Leavitt and his partners expect a sidecar to the reconciliation bill that will better plot the changes to be made, and they feel the new administration already has a blueprint in HR 3762, an ACA repeal bill President Obama vetoed in January. Similar to the ACA, the bill changes the funding and governance of the bill to ease federal and industry costs but leaves much of the ACA’s focus on quality, access, and efficiency in place. Another source for those hoping to discern the new administration’s direction is the June report from the House Republican Health Care Task Force.
Legislators will be anxious to show their constituencies that they have replaced the ACA within 100 days but the changes will take up to 18 months to implement. The infrastructure is well-built and changes will need to be carefully conceived and executed. Difficult decision from political and policy standpoints will need to be made, Alspach said.
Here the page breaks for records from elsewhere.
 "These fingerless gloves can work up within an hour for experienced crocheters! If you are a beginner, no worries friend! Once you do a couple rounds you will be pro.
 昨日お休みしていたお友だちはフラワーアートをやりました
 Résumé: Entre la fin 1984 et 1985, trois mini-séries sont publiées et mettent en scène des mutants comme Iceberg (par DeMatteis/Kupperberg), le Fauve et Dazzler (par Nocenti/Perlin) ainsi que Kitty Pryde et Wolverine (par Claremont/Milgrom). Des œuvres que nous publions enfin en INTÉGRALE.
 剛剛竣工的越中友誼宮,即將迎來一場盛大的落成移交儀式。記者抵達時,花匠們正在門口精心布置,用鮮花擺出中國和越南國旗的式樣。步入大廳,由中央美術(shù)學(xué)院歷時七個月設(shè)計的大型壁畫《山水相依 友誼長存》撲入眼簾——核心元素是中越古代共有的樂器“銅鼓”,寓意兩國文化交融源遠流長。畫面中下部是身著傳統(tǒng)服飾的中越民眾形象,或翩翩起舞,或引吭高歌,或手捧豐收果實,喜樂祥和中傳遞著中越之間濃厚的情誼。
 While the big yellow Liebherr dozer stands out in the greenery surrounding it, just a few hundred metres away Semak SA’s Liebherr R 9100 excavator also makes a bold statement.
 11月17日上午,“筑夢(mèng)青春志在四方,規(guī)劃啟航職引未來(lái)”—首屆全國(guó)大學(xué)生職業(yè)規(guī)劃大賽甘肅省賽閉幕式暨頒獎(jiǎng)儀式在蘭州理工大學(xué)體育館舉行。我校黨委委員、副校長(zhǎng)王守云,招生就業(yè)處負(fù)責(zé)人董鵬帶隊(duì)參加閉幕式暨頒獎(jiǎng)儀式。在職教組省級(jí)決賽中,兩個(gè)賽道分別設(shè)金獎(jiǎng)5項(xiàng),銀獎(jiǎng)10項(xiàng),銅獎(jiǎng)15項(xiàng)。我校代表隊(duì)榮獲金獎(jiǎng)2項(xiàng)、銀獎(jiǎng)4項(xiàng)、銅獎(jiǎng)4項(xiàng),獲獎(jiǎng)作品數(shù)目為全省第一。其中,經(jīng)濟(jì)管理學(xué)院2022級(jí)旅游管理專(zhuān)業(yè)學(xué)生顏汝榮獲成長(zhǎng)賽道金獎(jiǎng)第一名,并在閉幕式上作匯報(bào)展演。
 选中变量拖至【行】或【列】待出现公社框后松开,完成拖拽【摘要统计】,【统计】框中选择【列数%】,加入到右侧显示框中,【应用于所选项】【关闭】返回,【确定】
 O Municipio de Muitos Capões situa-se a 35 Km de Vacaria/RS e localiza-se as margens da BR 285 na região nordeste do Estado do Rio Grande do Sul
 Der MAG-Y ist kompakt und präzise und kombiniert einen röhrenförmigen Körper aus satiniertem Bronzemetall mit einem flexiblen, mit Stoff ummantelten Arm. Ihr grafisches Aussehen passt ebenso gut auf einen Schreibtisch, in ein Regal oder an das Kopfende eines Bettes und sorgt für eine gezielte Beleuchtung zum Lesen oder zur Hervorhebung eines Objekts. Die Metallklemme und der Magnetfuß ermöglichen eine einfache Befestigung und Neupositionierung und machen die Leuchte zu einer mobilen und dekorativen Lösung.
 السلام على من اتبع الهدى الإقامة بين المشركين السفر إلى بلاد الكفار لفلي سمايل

The changes will present strategic chaos for health systems in short order, Morrison told the group. He told attendees to “follow the money” but be reassured quality will not go away. Instead, look at the financial hydraulics of the repeal and replace process as most changes will be made to financing the change. It is a critical time for payers, he said, and they will weigh in heavily on development of an ACA replacement.
Other Initiatives Show Bipartisan Effort
Leavitt pointed to several initiatives that Congress must face, but are expected to be treated positively. These include CHIP reauthorization, the 21st Century Cures Act, and reauthorization of generic drug rules. All three enjoy bi-partisan support.
Healthcare will be eclipsed by other issues when the new administration takes over in January, and Leavitt said it will be moved out of the “big top of the circus” in Washington. This will make decisions less political and more can be done.
Behavioral healthcare is a focus of both the Trump camp and Representative Paul Ryan (R- Wis.), Ventimiglia said. They represent a growing movement in Congress that would like to see more managed care of behavioral health, with emphasis on holistic care, increasing quality and cutting costs.
10 Things to Watch for in 2017
Here are the 10 things webinar speakers recommended watching for as the new administration takes the reins of healthcare:
- Substantial healthcare legislation in 2017 will include repeal and replacement of the ACA and CHIP and FDA user fee reauthorizations.
- 21st Century Cures will be the top priority of the lame duck Congress and the Obama administration.
- Congress will use reconciliation to repeal some ACA components, using the HR 3762 as their blueprint.
- Some ACA elements will not be repealed because they are too integrated with the infrastructure.
- The private sector will push back on ACA elements where change is planned.
- Republican governors who expanded on Medicaid will push back on repeal.
- The June report from the House Republican Health Care Task Force is a revealing blueprint.
- Private sector collaboration must be cemented to address quality, value-based care, and coverage.
- Key appointments will reflect planning done by transition team.
- New governments tend to over-reach while their foes over-resist. Where will they work together?